If someone out there has already built a replacement pack for their BB, please
let me know how you went about it; specifically, what batteries did you use,
where did you purchase them, shrink wrap used, etc. Any help would be greatly
appreciated. If anyone has a GOOD spare BB battery pack for sale, please send
me a PM with details. Thanks.

Edward


----------



## xul (Oct 31, 2011)

For a 75W light and a runtime of >h hours you'd need >75 w-h of battery capacity at your particular discharge current. 

The guy up the street wanted to replace the batteries in his electric scooter but your problem is easier since scooter power draw depends on a lot of factors. A constraint on his choice based on what I knew at the time about batteries [and his budget] was that we pretty well had to stick to deep cycle SLA.


----------



## BVH (Oct 31, 2011)

There are a couple places online that sell cells of all types and fabricate packs as a routine. ICR18650 is a typical Lithium Ion, probably a 2200 mAh capacity cell. I'd call CheapBatteryPacks.com and ask them about making up a pack for you using at least 18650, 2600 or even 2900 mAh cells. They can make them in any configuration. You could probably send them the old pack and they can copy it. I'm not completely sure, but I think all the circuitry/intelligence for the light is on the board, not wrapped in the pack itself. The circuitry won't care whether the capacity of the cells is less, more or the same. It is really a very simple task.


----------



## PoliceScannerMan (Oct 31, 2011)

As a barnburner owner, I am interested in what u come up with.


----------



## XeRay (Oct 31, 2011)

There is a circuit board in the pack, it also must be retained.


----------



## BVH (Oct 31, 2011)

Still great to have your participation here on the board, Dan! Thank you!


----------



## BVH (Oct 31, 2011)

Dan, is it a typical over dis-charge, over-charge and current limiting board? If so, then they would want to get unprotected cells so there are not conflicting set points between cell protection boards and your board?

Not sure CBP does this work. BatterySpace.com does.

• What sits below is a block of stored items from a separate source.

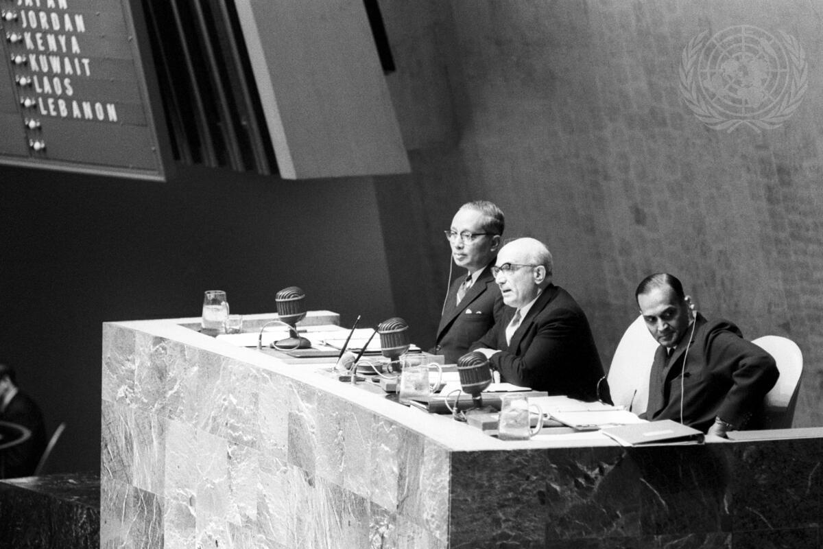 The new President, Amintore Fanfani (centre), is seen addressing the Assembly. With him at the presidential rostrum are: Secretary-General U Thant (left); and C.V. Narasimhan, UN Under-Secretary for Assembly Affairs and Chef de Cabinet.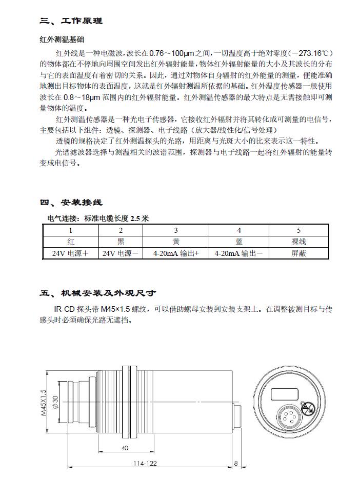 IR-CD 系列紅外測溫傳感器的工作原理:紅外線是一種電磁波,波長在 0.76~100μm 之間,一切溫度高于絕對零度(-273.16℃)的物體都在不停地向周圍空間發出紅外輻射能量,物體紅外輻射能量的大小及其波長的分布與它的表面溫度有著密切的關系。因此,通過對物體自身輻射的紅外能量的測量,便能準確地測出目標物體的表面溫度,這就是紅外輻射測溫所依據的基礎。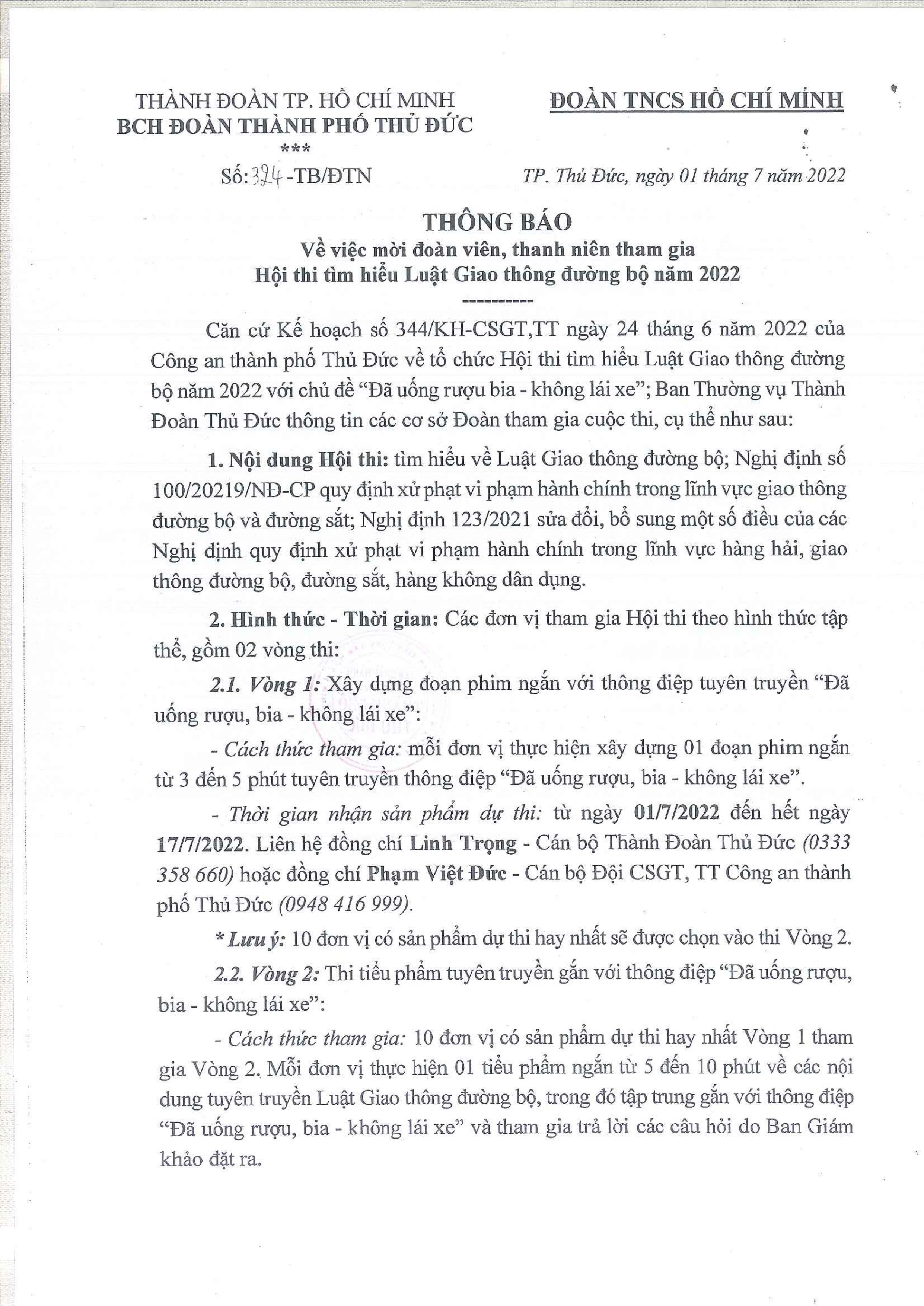 THÔNG BÁO: Mời đoàn thanh niên tham gia Hội thi tim hiểu Luật giao thông đường bộ năm 2022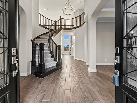 A masterpiece of design and craftsmanship, this 5-bedroom, 5.5-bath estate offers timeless elegance & modern convenience. The family room with a soaring ceiling & dramatic wall of windows opens the space with natural light. The chef’s island kitchen is a showpiece with granite counters, custom cabinetry, under-cabinet lighting, stainless steel appliances, gas cooktop, & a built-in desk. A private guest suite is tucked downstairs, while upstairs hosts an expansive game room & media room for elevated entertaining. Retreat to your backyard oasis with a resort-style pool enhanced by fire & water features, built-in firepit, spa, pergola, & a fully equipped outdoor kitchen. Luxurious details abound — a dining room with wood-accented ceiling & designer lighting, custom closets, and automated shades in the living, dining, & primary suite. With a whole-home generator, every comfort & convenience has been meticulously considered. Community offers incredible amenities & a vibrant Boardwalk.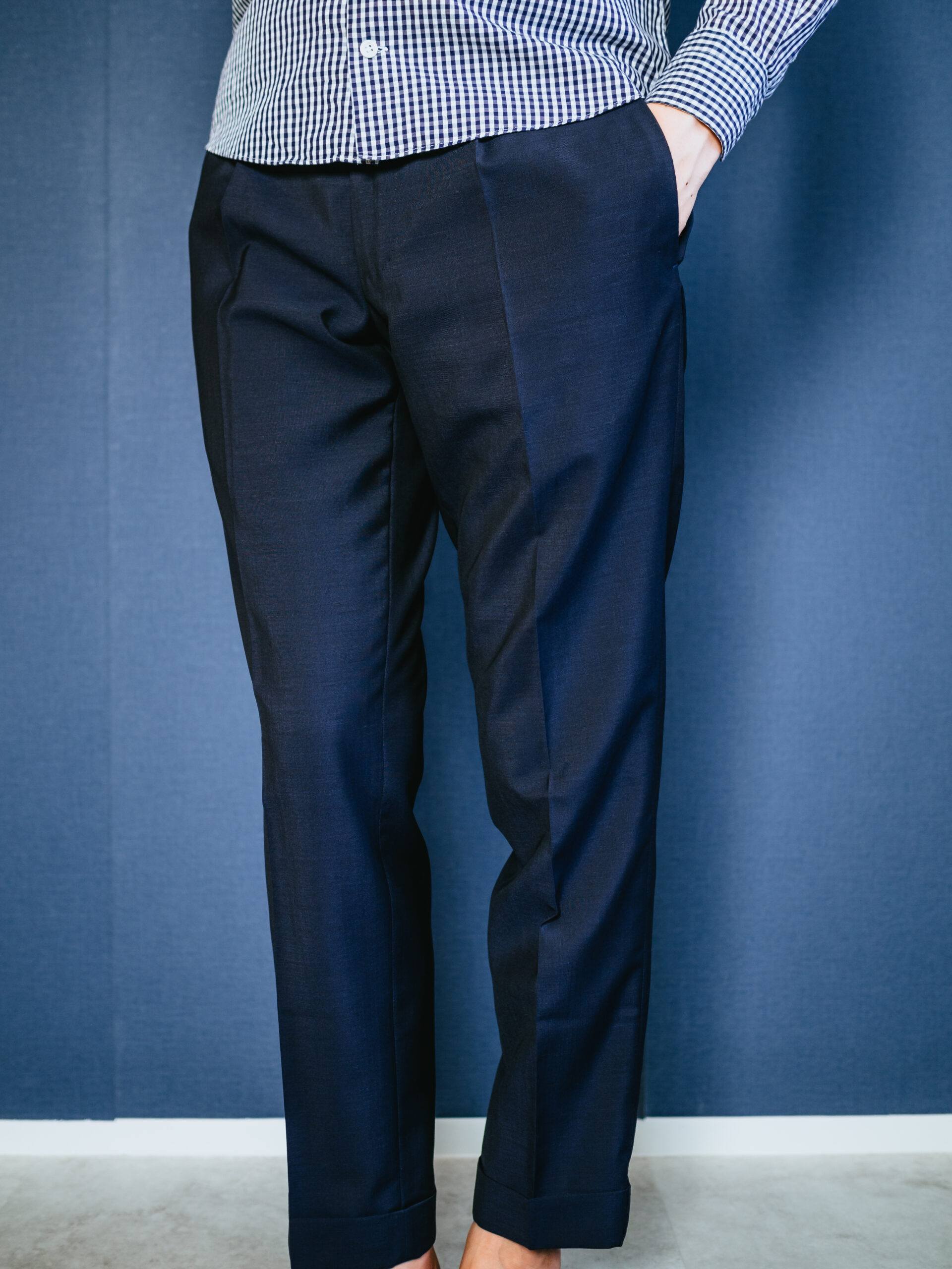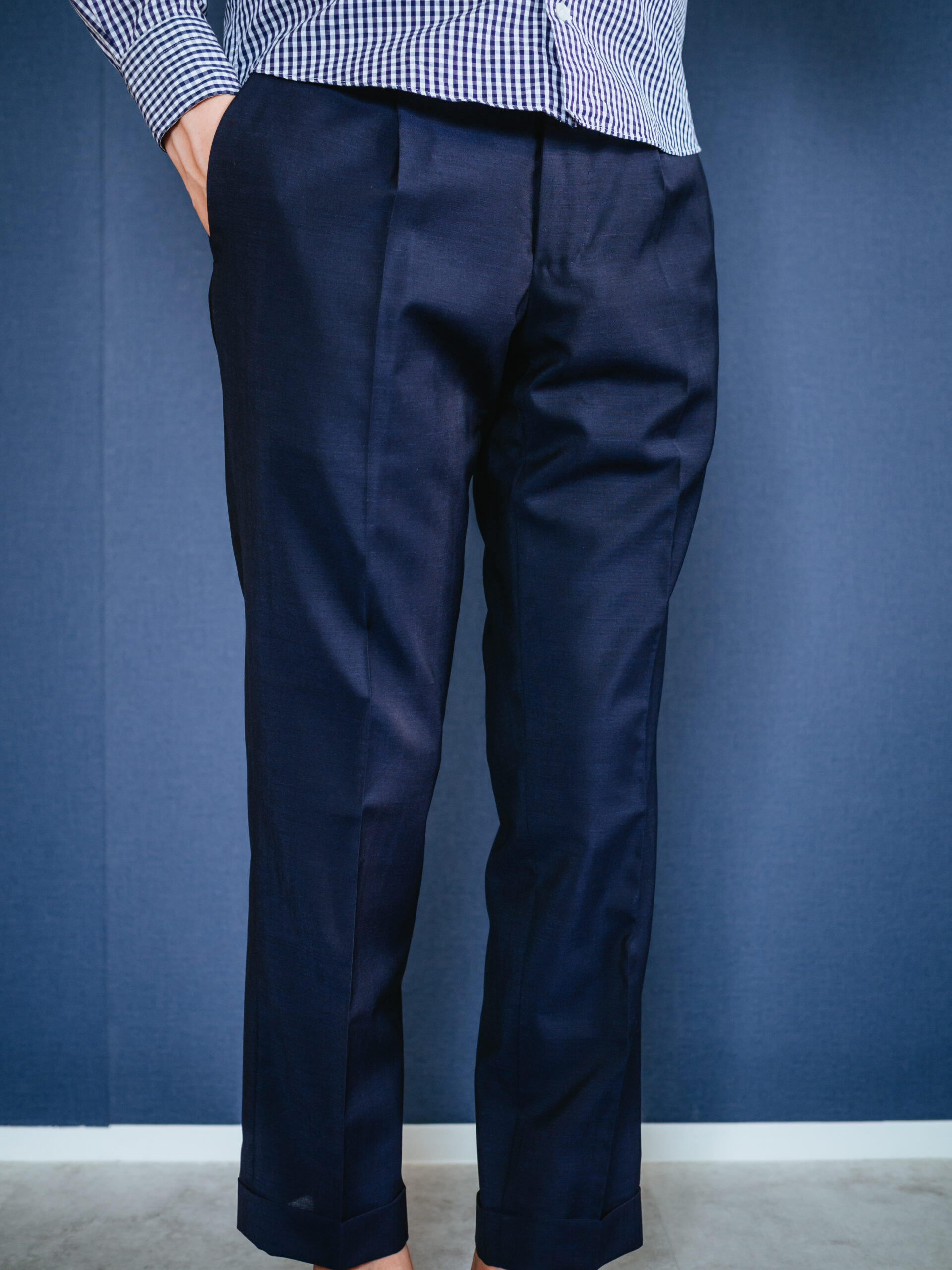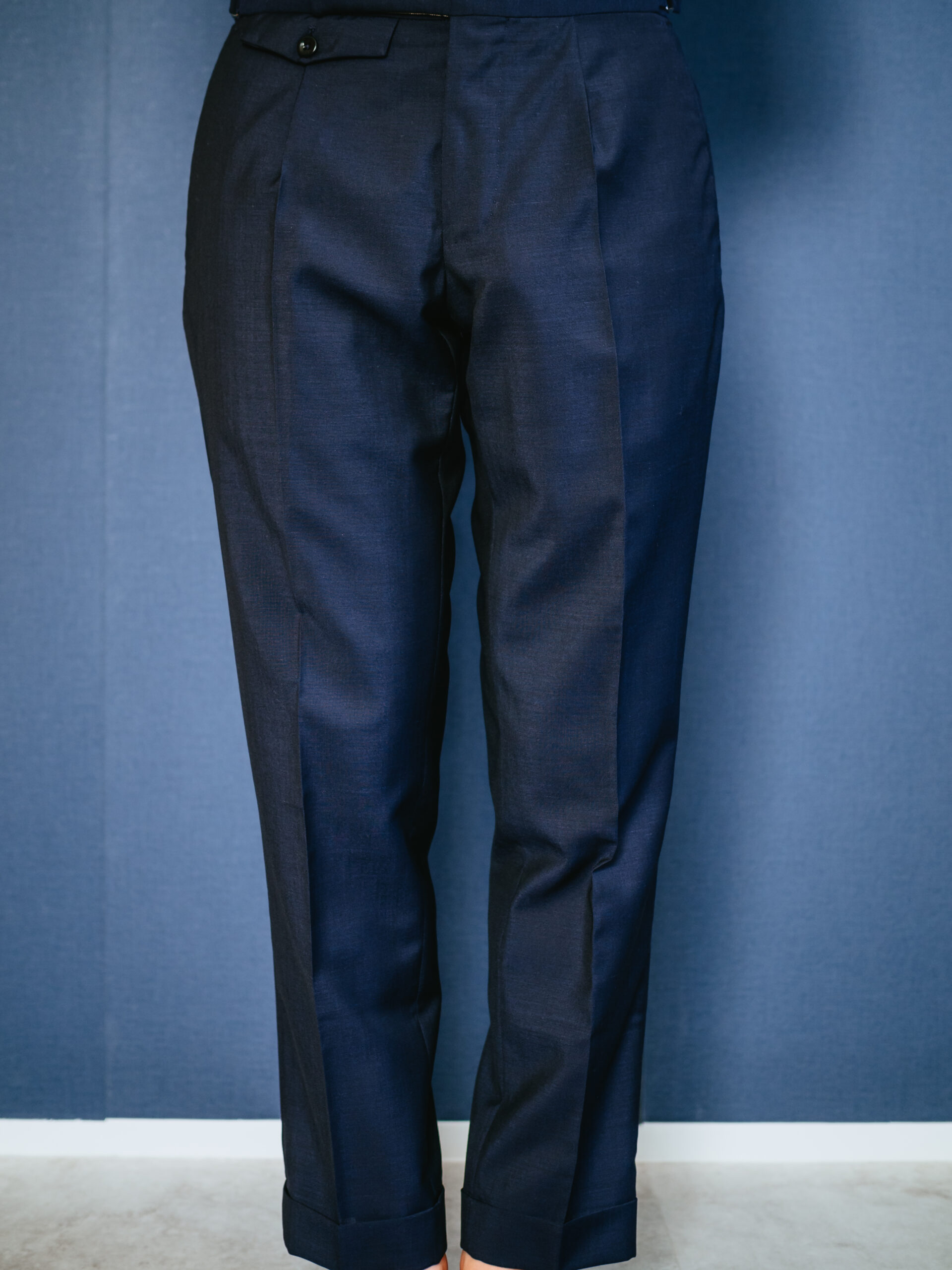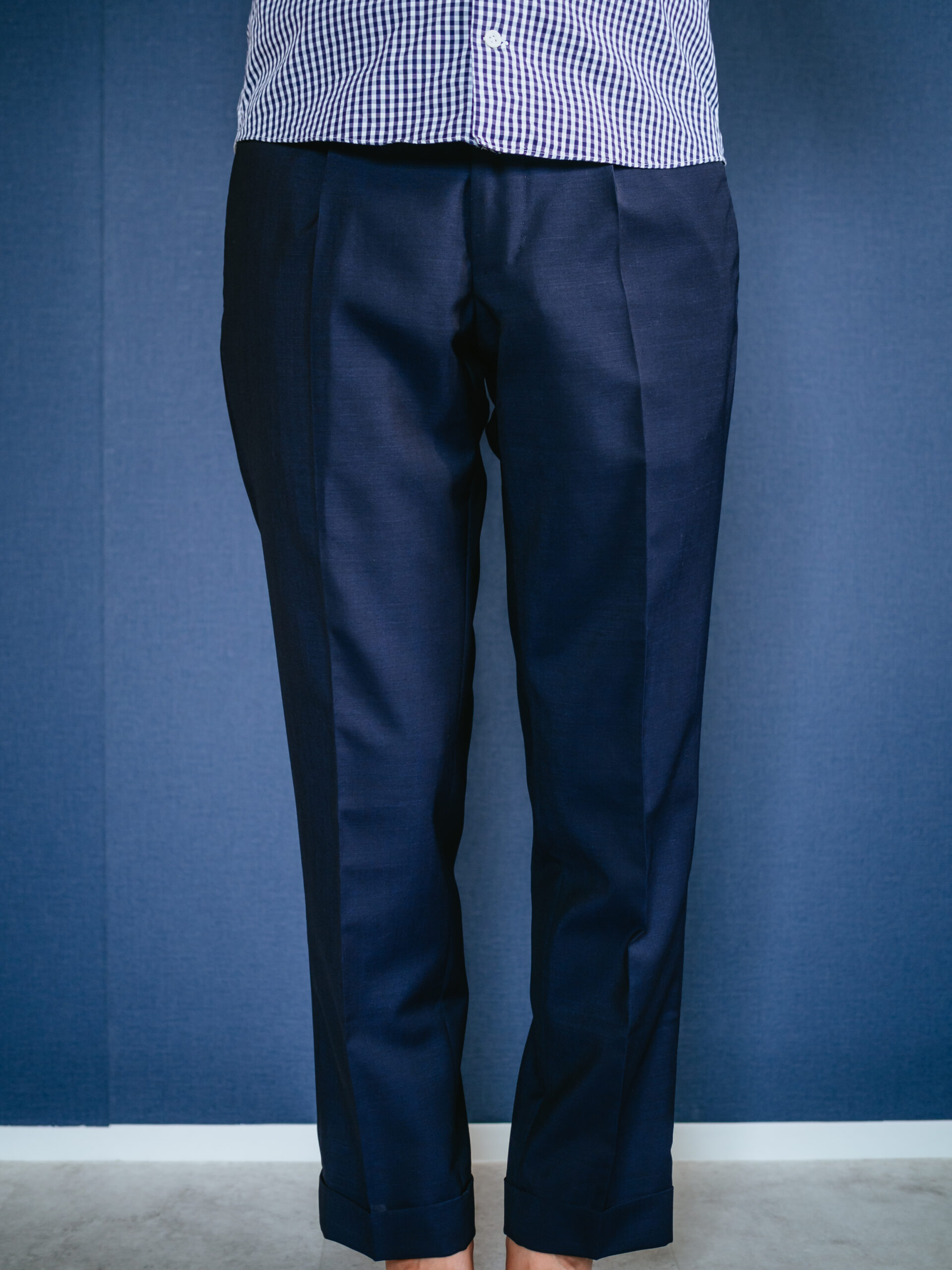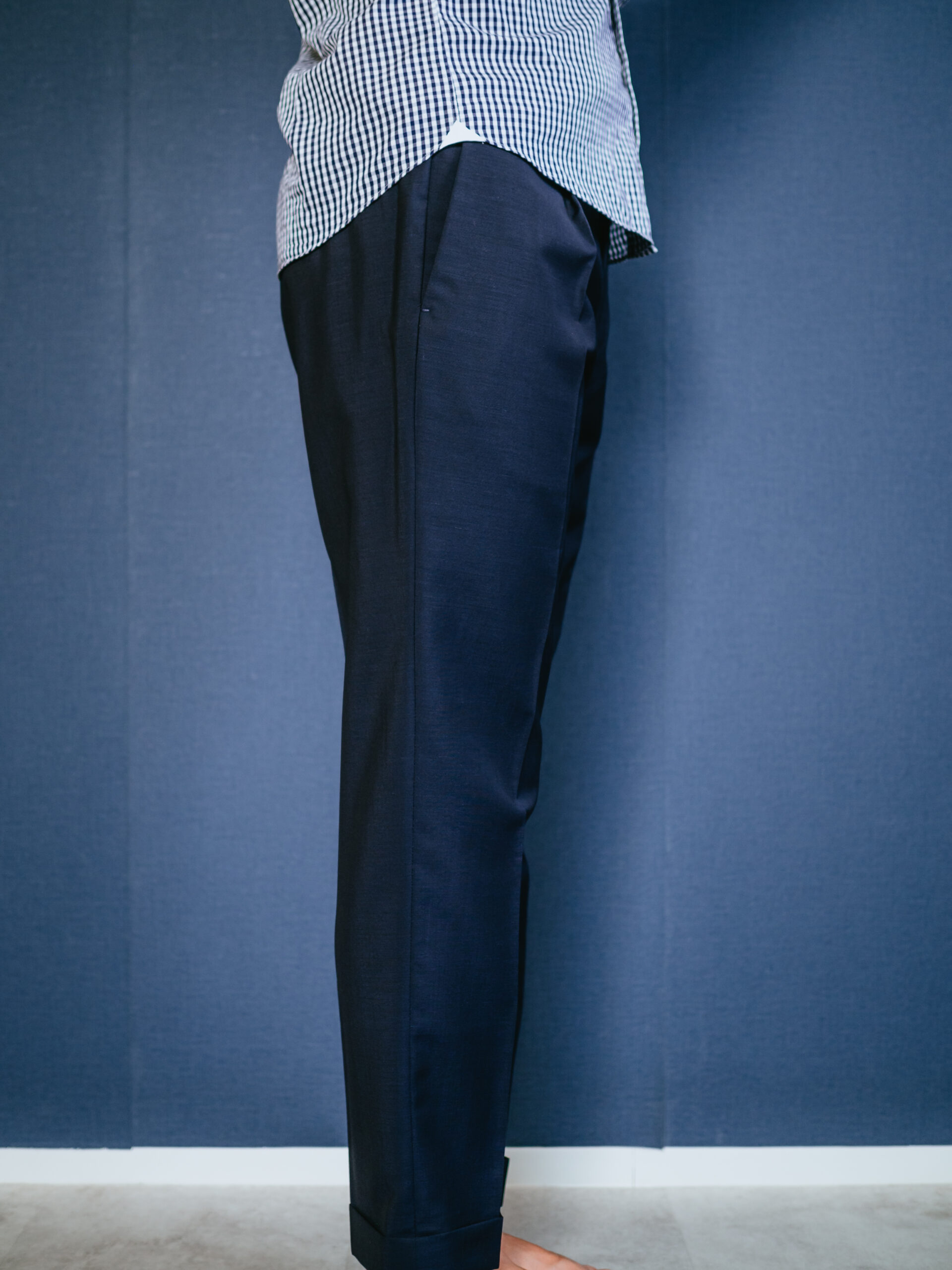 色は少し明るめのネイビー。両サイドにスラントポケット(スラッシュポケット)、補強のかんぬき止め。1プリーツ。サイドアジャスター付き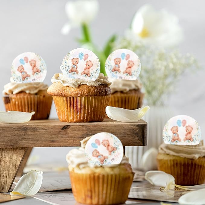 40Pcs Edible Gender Reveal Bear Cupcake Toppers Wafer Paper Boy or Girl Baby Shower Cake Decorative Supplies Jungle Animal Theme Birthday Party Cake Decorative Supplies

ww.epectec.com/batteries/quote/battery_rfq.asp


----------



## XeRay (Oct 31, 2011)

If that battery pack PCB were bad we have some spare old (bad) packs, good PCB on board. The circuit board (PCB) can be stolen from 1 of those if necessary. We would provide that at no charge.


----------



## XeRay (Oct 31, 2011)

BVH said:


> Dan, is it a typical over dis-charge, over-charge and current limiting board? If so, then they would want to get unprotected cells so there are not conflicting set points between cell protection boards and your board?
> 
> Not sure CBP does this work. BatterySpace.com does.
> 
> ww.epectec.com/batteries/quote/battery_rfq.asp



The board does control charging to the banks of cells. I would use the P/N of the cells he provided, at the beginning of this thread. That is what was used. I provided that information to him.


----------



## elnino (Oct 31, 2011)

Thanks everyone for your input/suggestions. I found some replacement 18650 cells that look like they would work:

http://www.batteriesinaflash.com/as...cylindrical-rechargeable-battery-3-7v-2800mah
http://www.batteryspace.com/ultra-h...lindrical-rechargeable-cell-3.7v-2800mah.aspx

Hopefully either CheapBatteryPacks or Batteryspace can build me a pack. I will let you know once I find out something.


----------



## LuxLuthor (Nov 1, 2011)

Elnino, if it is helpful I had taken these photos in a thread from 2007. I know you can remake these packs with original circuit board, and use a larger red shrink wrap. I used cells I got from a power tool pack that was < $40, but would have to go back and look up all that. If you ask BatterySpace to do it, make sure they know the wiring config must be exact. I believe that Dan's price on a replacement pack was around $200, so you can use that as a guide. I think the original Samsung cells were 2200mAh. Maybe Dan has some alternatives, as Li-Ion cells deteriorate over years and/or amount used/cycled, even under ideal maintenance/storage conditions.

This quoted post was back in the days when I was not knowledgeable about how groups of cells in parallel got balanced with the other cells in the pack. The circuitboard does that very well, comparing each of the 4 groups of 3 cells in parallel to each other and adjusting voltage to keep all cells balanced.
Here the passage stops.